We've played that teenage game, where he tries to go a bit further, and I refuse, so he backs off, then tries it again, and I still refuse, then after a third attempt, I give in. I mean, back then it was all part of the game of growing up, a boy tried things, the girl refused, so the boy eased off, then tried again, we all knew that was the game we were playing, the boy showing interest, the girl not wanting to appear too easy. But the thing was we all knew the rules of the game. And if a girl said no, it meant no.
Let's face it I'd have been annoyed if he hadn't tried things on, like any teenage girl, I wanted to feel loved and pretty and that he fancied me.
I'd wanted to go further for a while, I just felt the time was right, that I was in a serious relationship and that it wouldn't be just a quick fuck and a notch on his bedpost. I'm sure he could have many on there if he'd not been faithful and patient with me, waiting until I was ready.
It had been a crap weekend for Jonathan so far, his idol and to quote him, 'The greatest guitarist in rock history and one of the most influential people in rock and roll, after Buddy Holly, no more than Buddy Holly' had died on Friday.
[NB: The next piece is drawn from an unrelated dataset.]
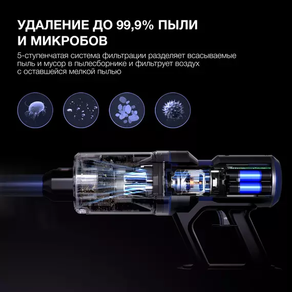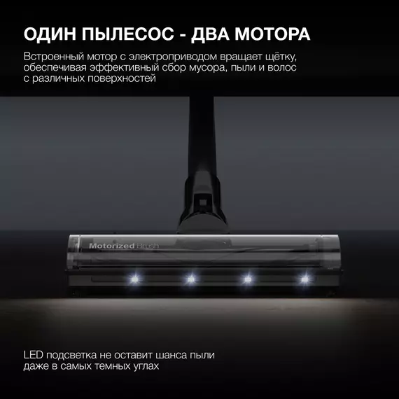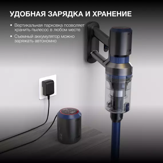 | Особенности | моторизированная щетка с подсветкой, вертикальная парковка, бесщеточный двигатель, фильтр HEPA 13 |

Jonathan had been devastated when I met him after school. At the time I wasn't into rock and Hendrix just didn't do it for me, but I could tell that he had something different about him as a musician. I was more into Motown, James Taylor and Carol King that's all.
So it's now Sunday, and I've made up my mind, I'm going to have sex with Jonathan, I'm determined to do it, I'm just not sure I'll be brave enough to actually go all the way, that I might back out at the last minute.
As a good Catholic girl, I was ready for Mass but had had a massive argument with mum over what I was wearing. I knew I daren't push it to wear my favourite patched suede miniskirt. It is so short that it only just covers my bum, but Jonathan loves it so much. So I had opted for a full-length denim skirt that buttoned all the way down the front, so I could control how much leg I was showing, for Mass it would be none, but after, well the buttons were all going to be open.
Mum for some reason didn't like that fact it was denim, so we had a stand-off, Mum saying denim wasn't proper for Mass, whilst I said it was and refused to change, eventually, I won as we would have been late for the service. I'd paired it with a cheesecloth blouse and no bra, my brother nearly freaked out when he noticed that. Mum either hadn't noticed or had decided to let things pass. I'd played with going with no panties as well, but that was a step too far.